Leonard Casey

Personal information
- Full name: Leonard Francis Casey
- Born: 7 May 1888 Dunedin, New Zealand
- Died: 8 October 1964 (aged 76) Christchurch, New Zealand
- Batting: Right-handed
- Bowling: Right-arm fast-medium
- Role: Bowler

Domestic team information
- 1920/21–1922/23: Otago

Career statistics
| Competition | First-class |
| Matches | 6 |
| Runs scored | 91 |
| Batting average | 10.11 |
| 100s/50s | 0/0 |
| Top score | 25* |
| Balls bowled | 916 |
| Wickets | 16 |
| Bowling average | 28.12 |
| 5 wickets in innings | 0 |
| 10 wickets in match | 0 |
| Best bowling | 4/51 |
| Catches/stumpings | 6/– |
- Source: CricInfo, 27 February 2024

= Leonard Casey =

New Zealand cricketer

Leonard Francis Casey (7 May 1888 – 8 October 1964) was a New Zealand cricketer who played six matches of first-class cricket for Otago between the 1920–21 and 1922–23 seasons.

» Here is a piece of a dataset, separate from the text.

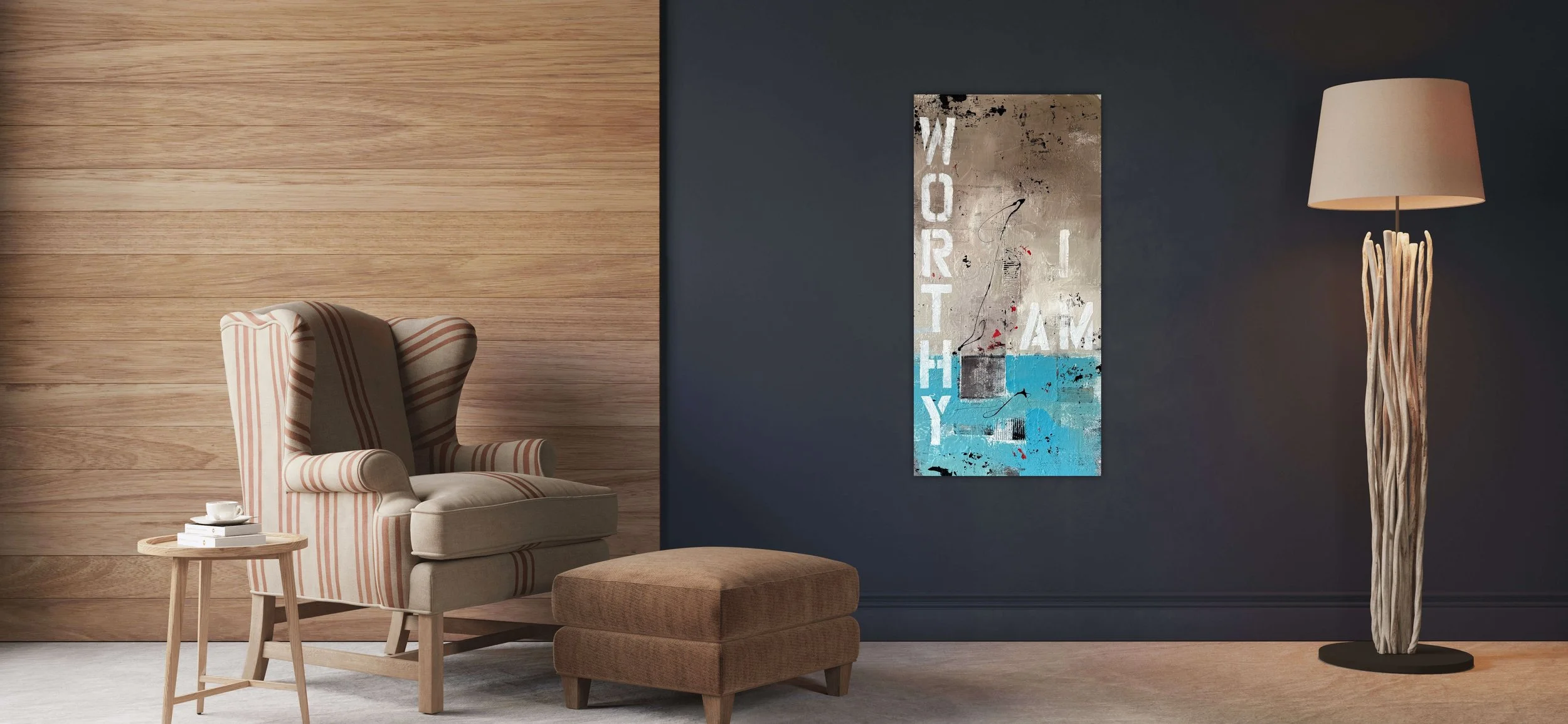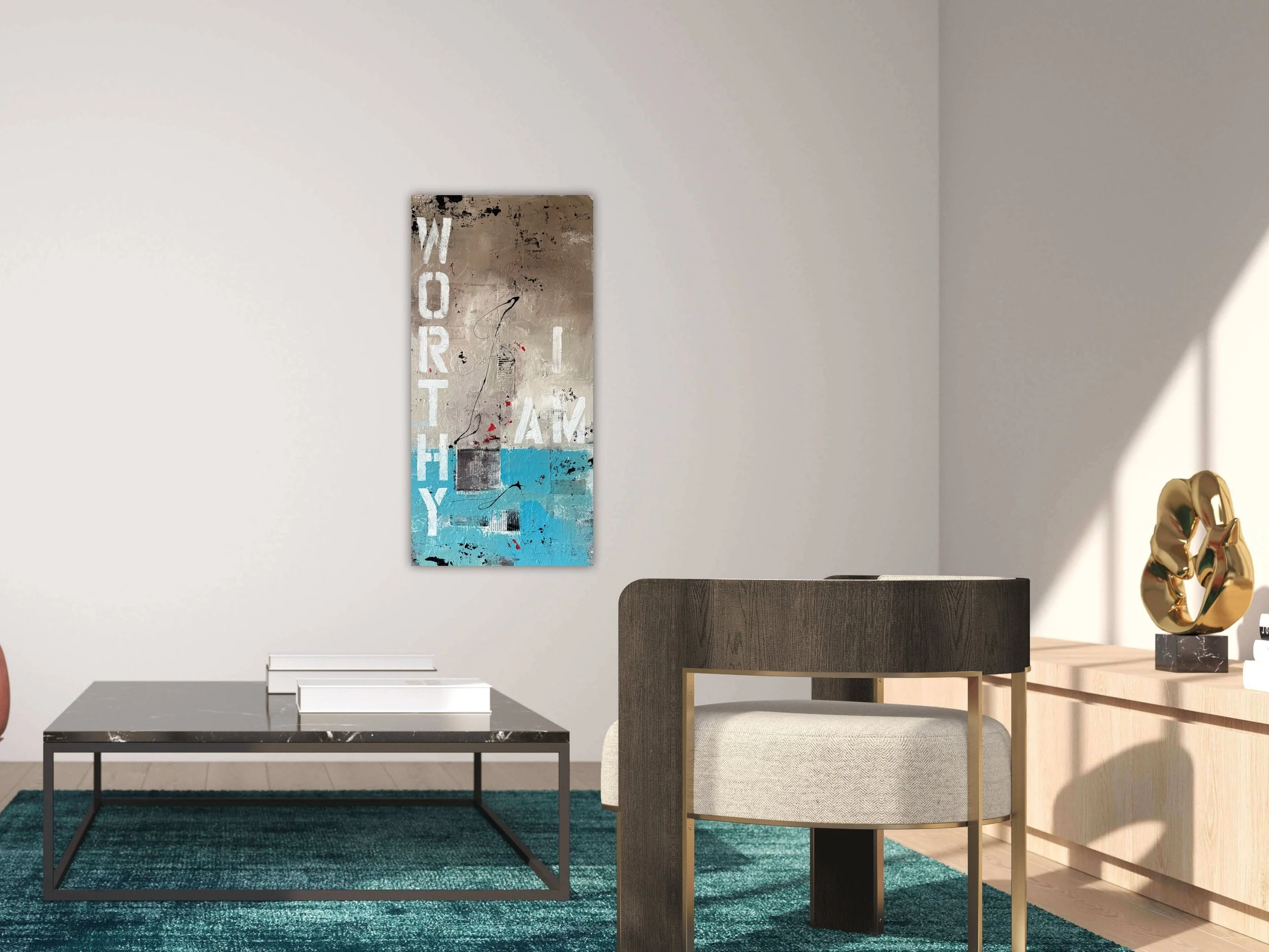 This painting is multifaceted in terms of design and creation, using mixed media and thick layers of texture to create an experiential piece that stimulates the eyes and the sense of touch.

Casey was born at Dunedin in 1888. A right-arm fast-medium bowler, his best first-class figures were 4 for 51 against Auckland in the Plunket Shield in 1921–22.

Casey worked for 41 years for the New Zealand Government Life Insurance Department. He managed the department's branches in Greymouth and Hamilton before being appointed to manage the Christchurch branch in 1941. He retired in 1947. He died at home in Riccarton, Christchurch, in 1964. He and his wife had three children.